» What the task requires:
Exactly as they appear below, repeat the lines from the one with "Программисты, погруженные в" through the one with "สตูล 16 ก.ย.-ฝนตกต่อเนื่อง". Drop every picture.

» Listed entries:
------------------------------

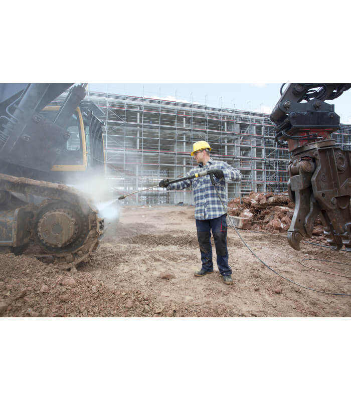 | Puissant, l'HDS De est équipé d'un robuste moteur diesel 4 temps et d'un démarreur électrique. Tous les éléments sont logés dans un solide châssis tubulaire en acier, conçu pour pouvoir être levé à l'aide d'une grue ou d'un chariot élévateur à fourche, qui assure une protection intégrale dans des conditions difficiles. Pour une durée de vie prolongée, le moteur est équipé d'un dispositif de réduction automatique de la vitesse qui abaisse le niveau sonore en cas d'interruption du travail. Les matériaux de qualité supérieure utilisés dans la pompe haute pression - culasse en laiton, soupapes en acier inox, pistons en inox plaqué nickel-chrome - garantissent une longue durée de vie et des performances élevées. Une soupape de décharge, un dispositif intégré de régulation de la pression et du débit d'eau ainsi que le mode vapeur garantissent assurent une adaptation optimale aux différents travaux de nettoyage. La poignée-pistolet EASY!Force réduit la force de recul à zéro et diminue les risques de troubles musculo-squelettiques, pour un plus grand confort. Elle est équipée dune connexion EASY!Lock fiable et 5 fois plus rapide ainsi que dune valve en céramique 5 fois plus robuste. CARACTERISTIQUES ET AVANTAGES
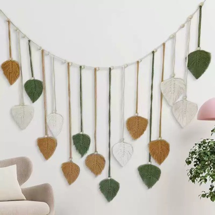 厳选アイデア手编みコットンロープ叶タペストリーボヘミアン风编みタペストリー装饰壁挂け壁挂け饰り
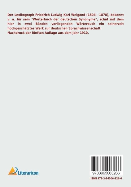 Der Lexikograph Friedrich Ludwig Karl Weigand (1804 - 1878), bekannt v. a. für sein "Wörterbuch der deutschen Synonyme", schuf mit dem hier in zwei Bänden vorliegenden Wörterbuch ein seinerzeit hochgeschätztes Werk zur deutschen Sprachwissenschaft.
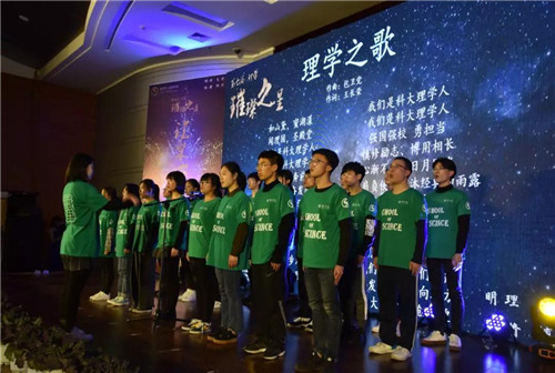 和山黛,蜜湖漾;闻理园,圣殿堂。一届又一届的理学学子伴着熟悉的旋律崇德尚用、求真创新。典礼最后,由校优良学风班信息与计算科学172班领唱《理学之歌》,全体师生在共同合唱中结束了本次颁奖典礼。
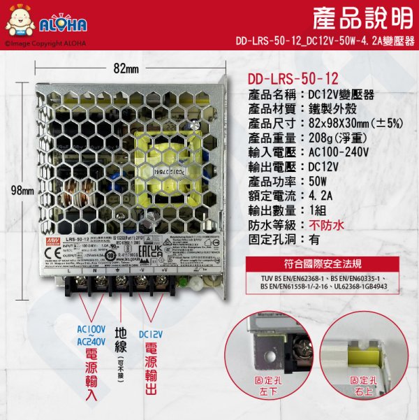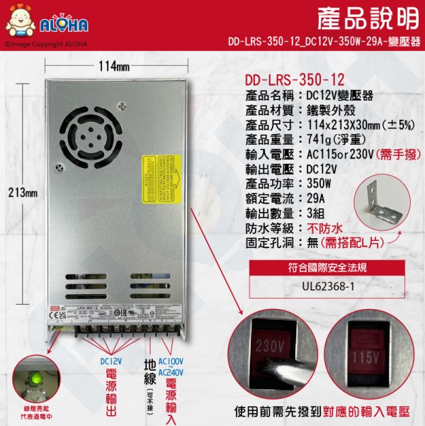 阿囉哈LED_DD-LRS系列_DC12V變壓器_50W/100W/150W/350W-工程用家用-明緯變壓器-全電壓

------------------------------

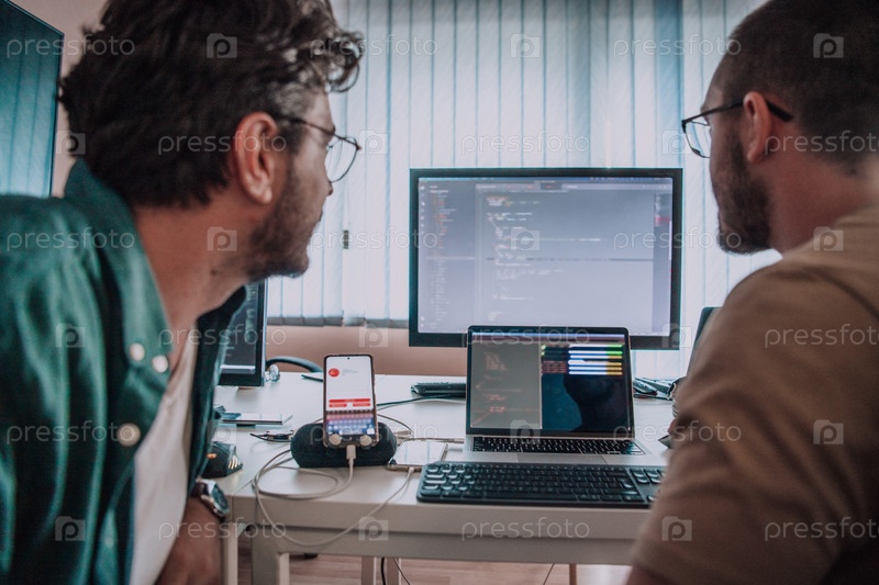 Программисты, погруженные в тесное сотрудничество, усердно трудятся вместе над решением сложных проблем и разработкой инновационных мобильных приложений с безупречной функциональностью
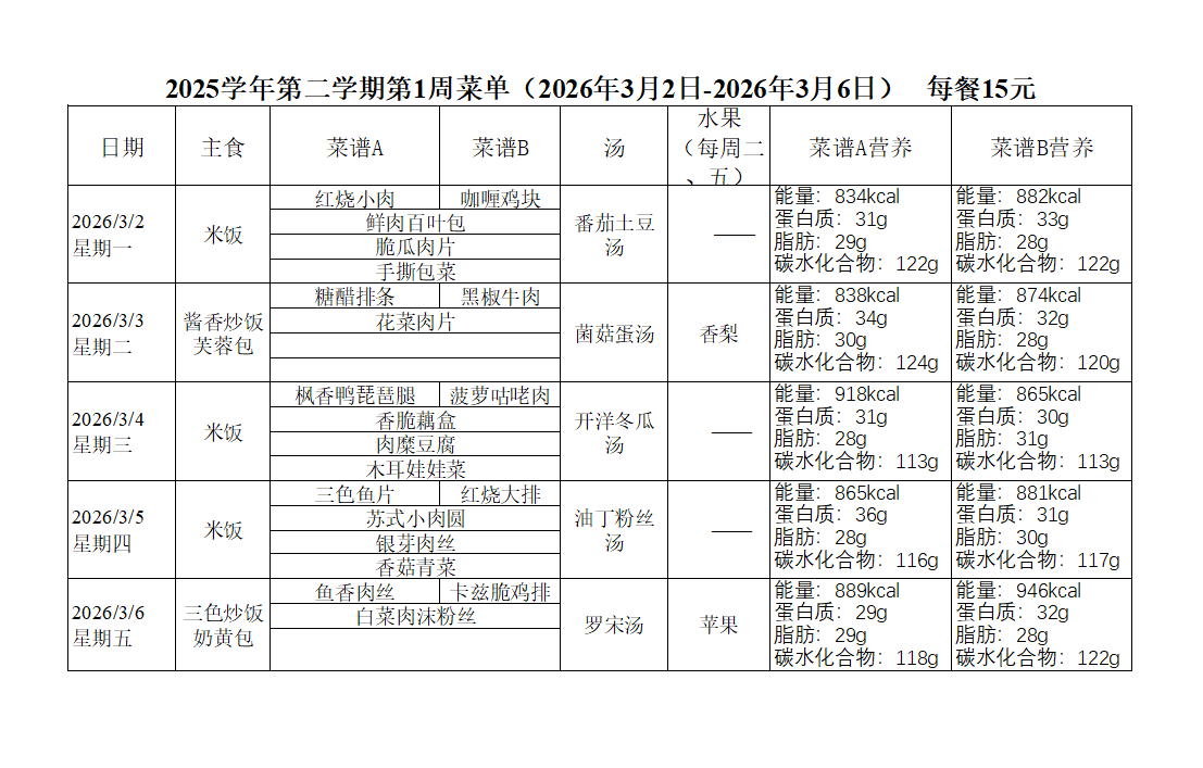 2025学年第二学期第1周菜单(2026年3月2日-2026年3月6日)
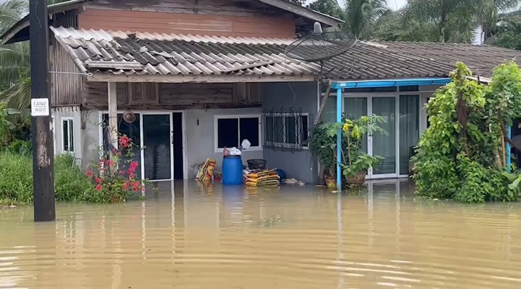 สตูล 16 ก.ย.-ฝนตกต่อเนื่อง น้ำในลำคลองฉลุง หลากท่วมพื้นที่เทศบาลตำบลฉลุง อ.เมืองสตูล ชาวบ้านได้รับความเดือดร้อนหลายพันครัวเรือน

------------------------------

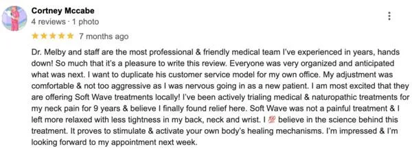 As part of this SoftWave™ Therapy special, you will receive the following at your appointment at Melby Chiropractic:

------------------------------

» Answer box:
 Программисты, погруженные в тесное сотрудничество, усердно трудятся вместе над решением сложных проблем и разработкой инновационных мобильных приложений с безупречной функциональностью
 2025学年第二学期第1周菜单(2026年3月2日-2026年3月6日)
 สตูล 16 ก.ย.-ฝนตกต่อเนื่อง น้ำในลำคลองฉลุง หลากท่วมพื้นที่เทศบาลตำบลฉลุง อ.เมืองสตูล ชาวบ้านได้รับความเดือดร้อนหลายพันครัวเรือน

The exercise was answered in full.